The site is the latest online effort — sincere or otherwise — to present alternatives to liberal-minded Americans looking to flee north if November's election doesn't go their way. After Super Tuesday, searches on Google for "move to Canada" skyrocketed 1,500 percent. Recent polls are finding that around 60 percent of Americans dislike Trump, who continues to face criticism for his behavior on social media and other controversy in real life, while also dominating media coverage of the presidential race.

An Ipsos poll for Global News from March found nearly 20 percent of Americans would consider moving to Canada if Trump becomes President, with 28 percent of people from 18 years old to 34 saying they'd move. That same poll also found that 15 percent would move if Democratic candidate Hillary Clinton becomes President.

Earlier this year a Canadian radio host Rob Calabrese created a website, with almost 1 million visitors, inviting anti-Trump Americans to seek refuge in Nova Scotia.

"Donald Trump may become the President!

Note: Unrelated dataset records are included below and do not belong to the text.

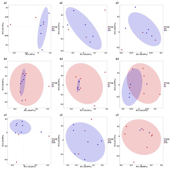 PCoA of community composition across the three study areas. (a1–a3): Tianjin Dashentang Marine Ranching: (a1) phytoplankton, (a2) invertebrates, (a3) fish; (b1–b3) Tianjin Binhai National Marine Park: (b1) phytoplankton, (b2) invertebrates, (b3) fish; (c1–c3) Western Furong Island Marine Ranching Area: (c1) phytoplankton, (c2) invertebrates, (c3) fish. “d” represents the control area; “m” represents the ranching zone; “r” represents the artificial oyster reef area; “t” represents the natural oyster reef area; “tm” represents the ranching zone; “td” represents the control area. The colored areas represent 95% confidence ellipses for different groups.
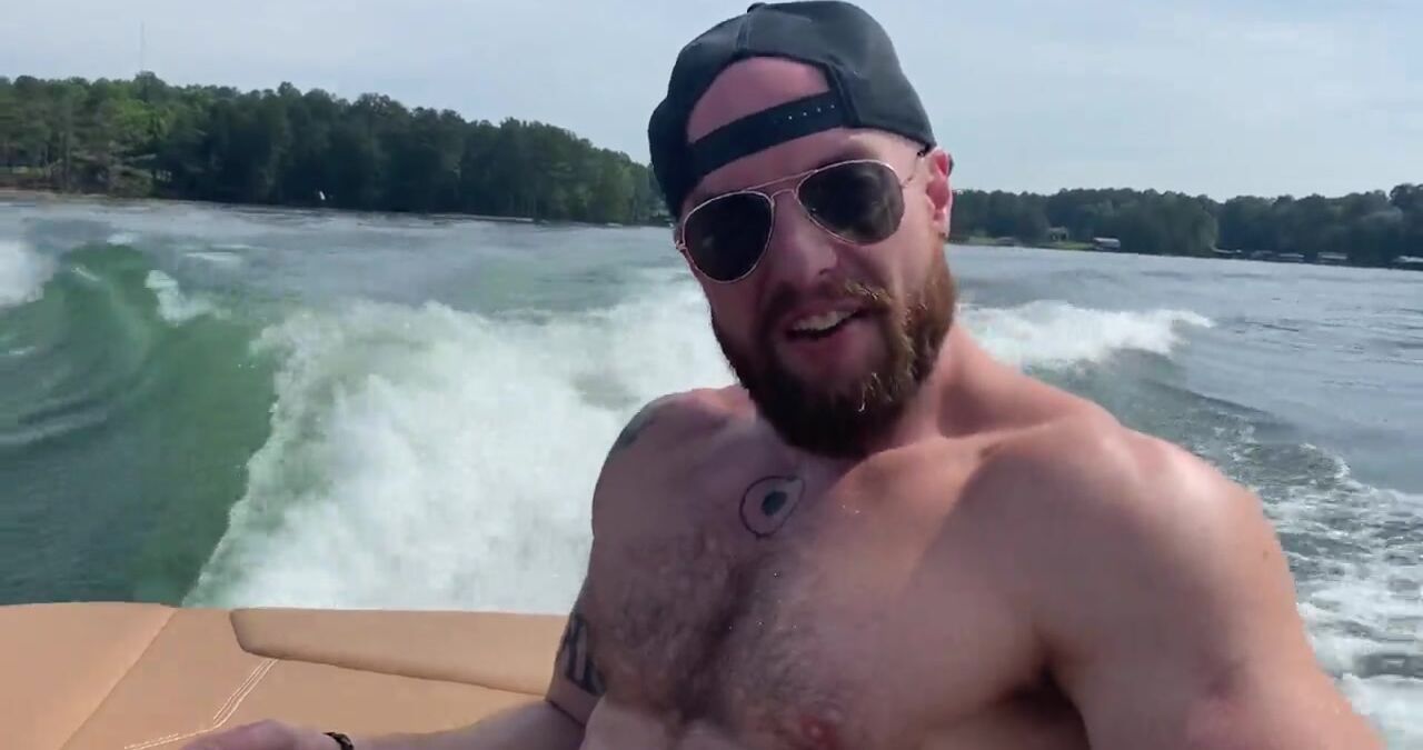 A group of men take a boat to the beaches of the lake for a bareback group session.
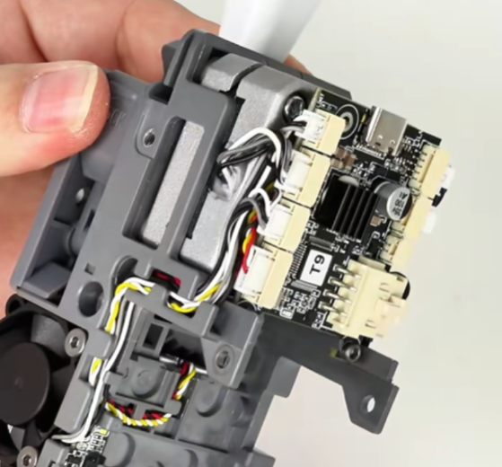 将工具头主板面朝向自己,拔掉左侧的接线端子,并将线材从理线槽内取出
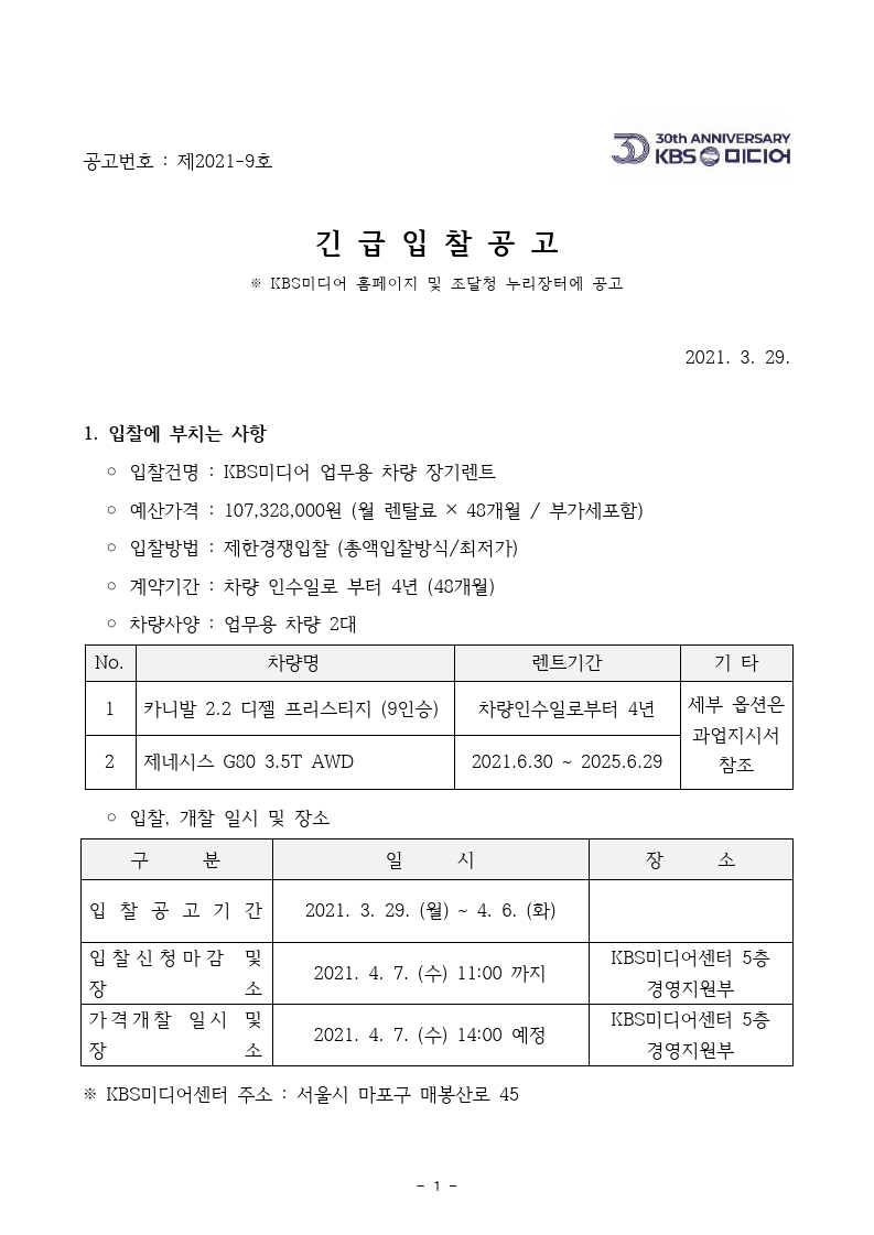 [긴급입찰공고] KBS미디어 업무용 차량 장기렌트 (차량추가)

If that happens, and you decide to get the hell out of there, might I suggest moving to Cape Breton Island!" the site stated.

Calabrese told reporters at the time he had received a deluge of messages from Americans considering it. This included an inquiry from a US Marine who told Calabrese he wanted to protect the safety of his family.

But these threats to leave don't seem to phase Trump in the least. In April, actor Lena Dunham vowed to escape to Canada if Trump is victorious, to which Trump told Fox & Friends: "I heard Whoopi Goldberg said that too. That would be a great, great thing for our country."